Can cascades be predicted?

On many social networking web sites resharing or reposting functionality allows users to share others' content with their own friends or followers. As content is reshared from user to user, large cascades of reshares can form. Moreover, as a result of the cascade spreading through the network, the network structure may also change by nodes creating new and destroying existing connections in the underlying social network. In this talk, I will discuss a framework for addressing cascade prediction problems. We study large sample of cascades on Facebook as well as Twitter. We find strong performance in predicting whether a cascade will continue to grow in the future. We also discuss ways in which network structure reacts to users posting and sharing content. We find that the dynamics of network structure can be characterized by steady rates of change, interrupted by sudden bursts. Information diffusion in the form of cascades of post re-sharing often creates such sudden bursts of new connections, which significantly change users' local network structure. Our models can successfully predict which cascades will spread far in the network and which ones will lead to bursts in network structure dynamics.

Mining Propagation Data in Social Networks

With the success of online social networks and microblogging platforms such as Facebook, Flickr and Twitter, the phenomenon of influence-driven propagations, has recently attracted the interest of computer scientists, information technologists, and marketing specialists. In this talk we take a data mining perspective and we discuss what (and how) can be learned from a social network and a database of traces of past propagations over the social network. Starting from one of the key problems in this area, i.e. the identification of influential users, by targeting whom certain desirable marketing outcomes can be achieved, we provide an overview of some recent progresses in this area and discuss some open problems.

Information Diffusion Through Adaptive Seeding

In recent years social networking platforms have become an extraordinary channel for spreading and consuming information in real-time. In response, impressive techniques that leverage this infrastructure are being developed, aiming to select users who can spread information effectively. Unfortunately, despite the immense progress made on this problem, state-of-the-art techniques can often become ineffective simply due to the fact that social networks are characterized by heavy-tailed degree distributions, implying that influential users are rare.
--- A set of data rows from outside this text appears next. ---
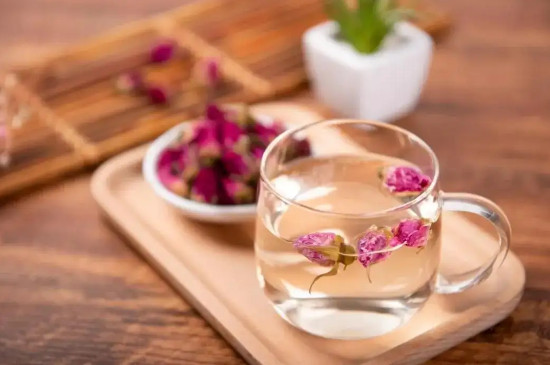 在冲泡玫瑰花茶时,取茶量5朵即可,浸润后的花苞伸展后体积较大,冲泡水温控制在85℃更加适宜,注水至七分满停止,静置3分钟即可饮用,同时还可以加入枸杞一同配饮。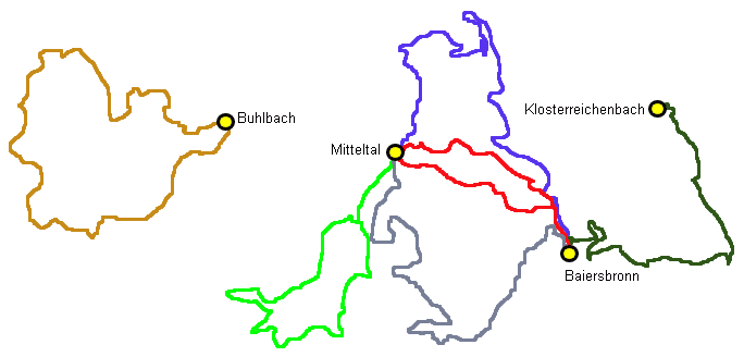 Diesmal machen wir keine Wanderreise von Ort zu Ort, sondern bleiben in Baiersbronn im Hotel und laufen von dort los oder fahren mit dem Bus zum Anfang der Wanderung und laufen zurück. Wir haben uns so entschieden, weil das Wetter zu dieser Jahreszeit unberechenbar sein kann. Am Freitag bevor wir nach Baiersbronn losfahren, sehen wir in den Nachrichten, dass es im Schwarzwald oberhalb 600m schneit - Baiersbronn liegt auf etwa 570m. Der Schnee ist im nachhinein nicht das Problem gewesen - es war wieder einmal der Regen und die Kälte.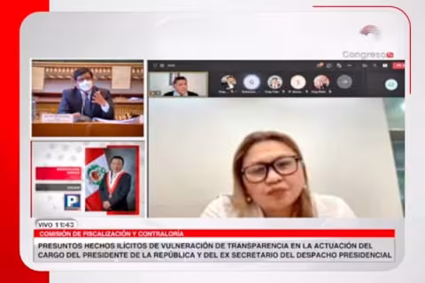 Imagen Política 16 Feb 2022 - 02:40 Karelim López: Comisión de Fiscalización evaluará si empresaria pasa a condición de investigada Debido a su negativa de responder las interrogantes del grupo de trabajo parlamentario. Imagen Política 6 Feb 2022 - 01:17 Limpian a Castillo de sus reuniones en Breña Según informe no se violó la ley, porque el Presidente dijo que esos encuentros no eran oficiales, pero hay puntos oscuros.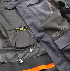 KTM-Jacke mit Tech-Air-Airbag von Alpinestars: Verkabelung (l.) und Kontrollleuchten.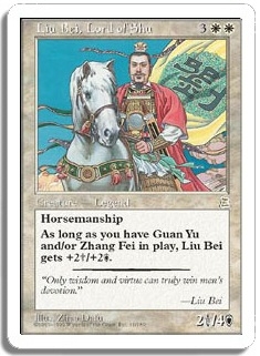 Horsemanship. As long as you have Guan Yu and/or Zhang Fei in play, Liu Bei gets +2/+2.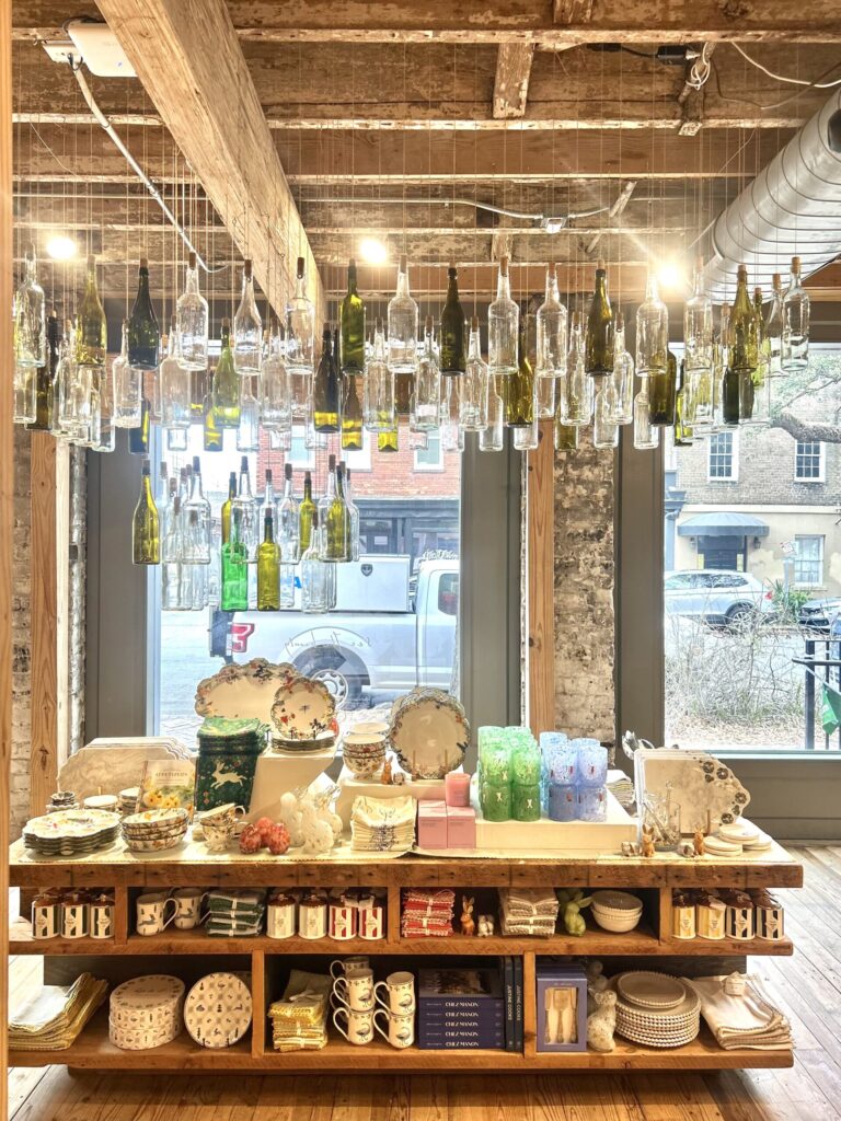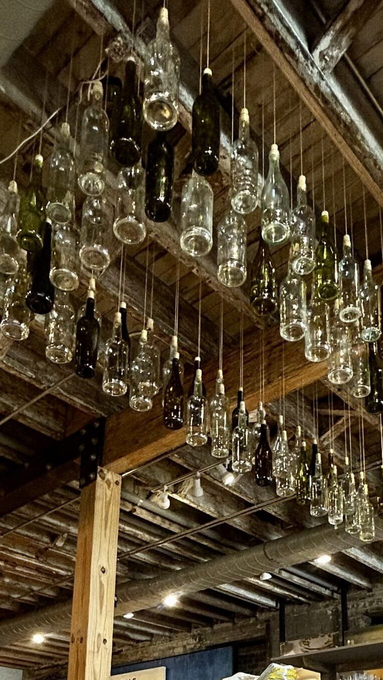 An upcycled wine bottle chandelier that highlights the brand’s commitment to creativity and sustainability, transforming discarded materials into a meaningful statement about responsible design and mindful living.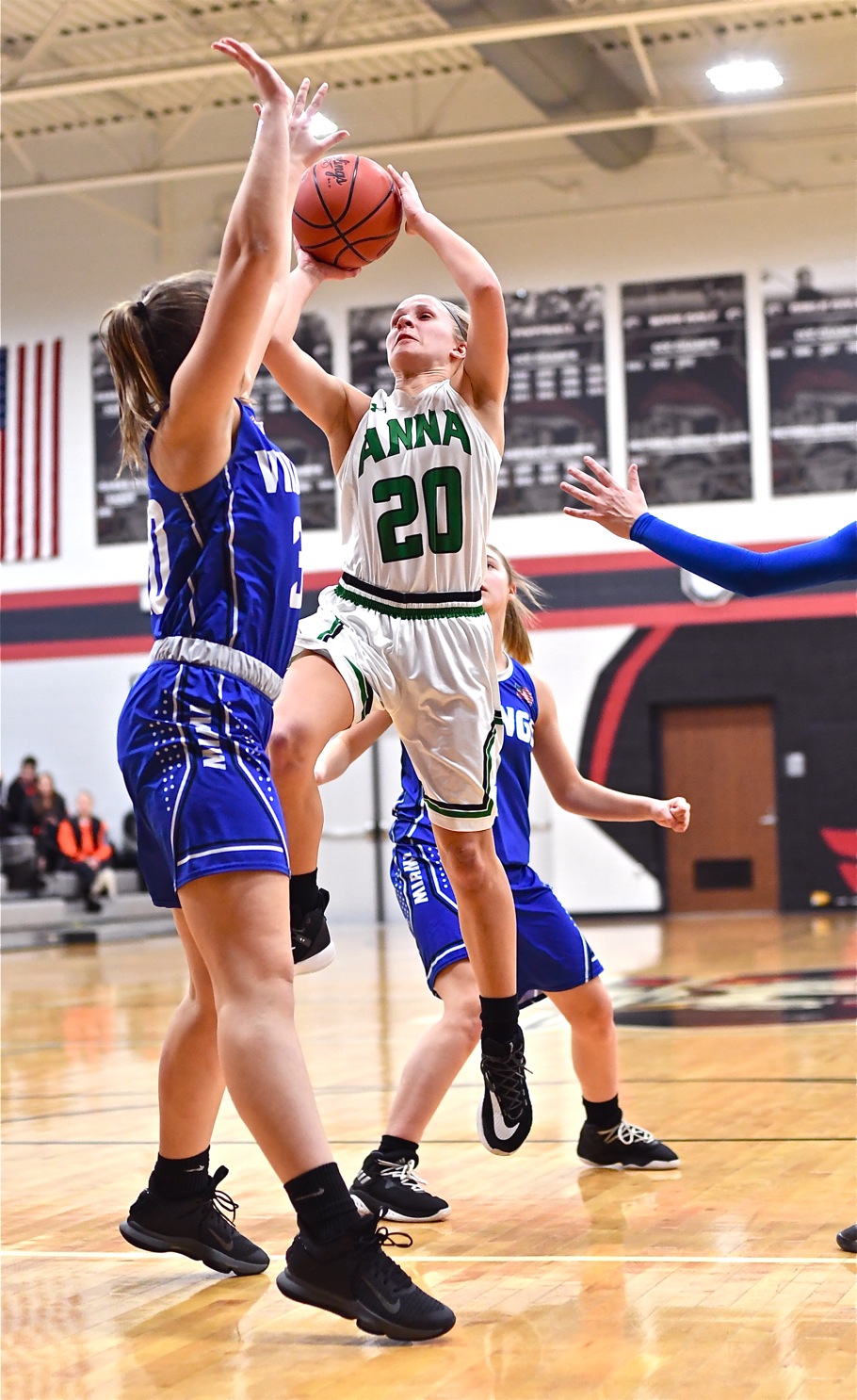 Unstoppable...Anna's Ella Doseck (#20, below) scored 20 points and directed the Rockets to their 21st win of the season while knocking Versailles out of the D-III regional tournament Wednesday at Springfield. Read about Doseck and the game in today's Press Pros.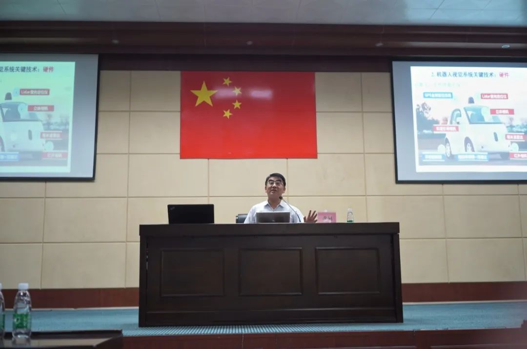 原魁教授为师生们上了一堂启迪智慧、脑洞大开的科普大课。报告讲解了为什么要研究机器人视觉,详细分析了机器人视觉系统的关键技术,并以智能型工业机器人、服务机器人、无人驾驶汽车等为实例向师生们介绍了机器人视觉系统的应用示例,展望了机器人视觉技术的发展趋势。报告会还进行了师生交流互动环节,现场气氛活跃,同学们踊跃提问,原教授耐心并细致地为师生解惑答疑。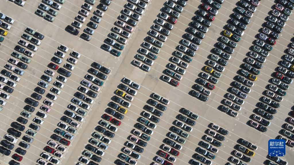10月12日在位于芜湖市的奇瑞汽车股份有限公司新能源一期工厂拍摄的等待交付的新能源汽车(无人机照片)。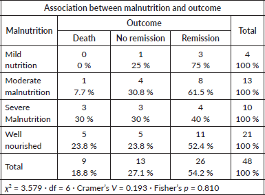 • Severe malnutrition was present in 23.2% of patients, but this did not significantly influence induction outcome.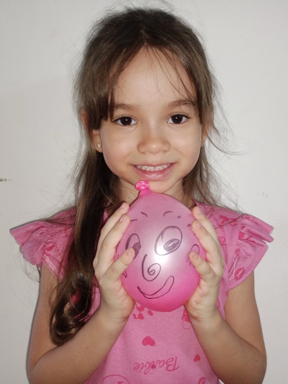 Aunque es una niña pequeña entiendo perfectamente que al juntar al vinagre con el bicarbonato se había producido un gas que hizo que se inflaran los globos, estaba sorprendida y encantada.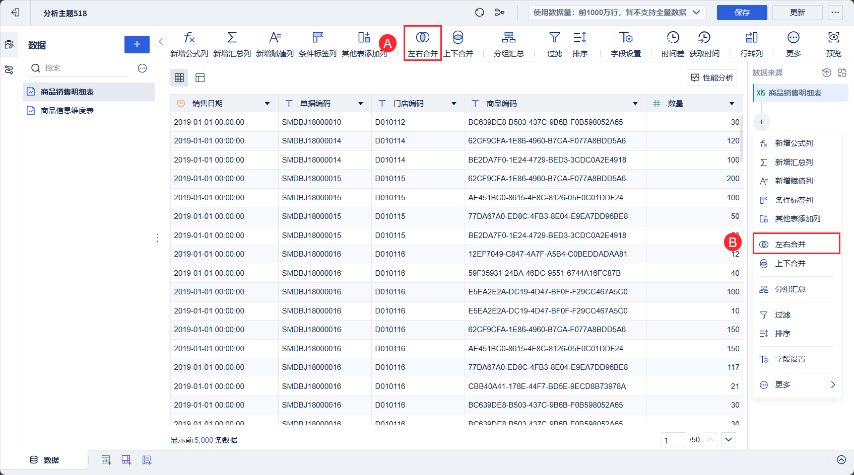 注:建议用户在进行左右合并前,减少表字段名称长度,避免出现字段名称过长导致保存失败问题。
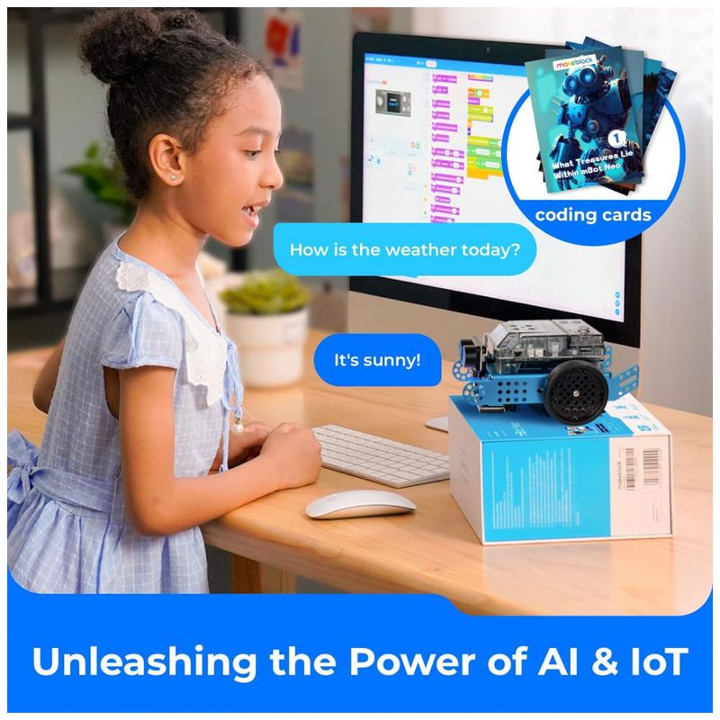 Graças ao CyberPi Com esta placa principal multifuncional, o CyberPi possui o sensor ultrassônico embutido, sensores de obstáculos, módulo de sensor de campainha, receptor e transmissor e módulo WIFI, fazer com que o Neo possa se conectar com a Internet e permitir que as crianças experimentem mais sobre a Internet das Coisas IoT . E para uso dos professores, o módulo wifi faz com que vários desses robôs de codificação possam ser conectados para executar tarefas juntos e simplifica o ensino compartilhando a mesma programação simultaneamente.

In this talk we will discuss a new paradigm called Adaptive Seeding. We will first discuss a remarkable property of social networks which is related to a classic result in the social sciences known as the friendship paradox. We will then describe a framework for designing algorithms that can leverage this structural phenomenon and present some key algorithmic ideas and fundamental challenges. We will discuss both theoretical guarantees and experimental evidence, suggesting dramatic improvements over current-state-of-the-art are achievable.

Tipping Points and Cascades of Opinion Spread in Social Networks

Human behavior is profoundly affected by the influenceability of individuals and their social networks. This talk discusses the dynamics of spread of opinions in such networks using fundamental models for Social Contagion: the binary agreement model (influencing with committed minorities) and threshold model (threshold contact process). In the first one all individuals initially adopt either opinion A or B, and a small fraction of all individuals commits to their opinions. Committed individuals are immune to influence but otherwise follow the prescribed rules for opinion change. We show that the prevailing majority opinion in a population can be rapidly reversed by a small fraction of randomly distributed committed individuals. When committed individuals exist for both opinions, the difference between larger and smaller fractions of them needed for rapid majority conversion decreases as the smaller minority increases. The results are relevant in understanding and influencing the social perceptions of ideas and policies.

We used the threshold model to find efficient spreaders, fast heuristic selection strategies, and impact of clustering on system dynamics. We find that even for arbitrarily high value of threshold, there exists a critical initiator fraction above which cascades become global. Network structure, in particular clustering, plays a significant role in this scenario. Similarly to the case of single-node or single-clique initiators studied previously, we observe that community structure within the network facilitates opinion spread to a larger extent than a homogeneous random network. Finally, we study the efficacy of different initiator selection strategies on the size of the cascade and the cascade window.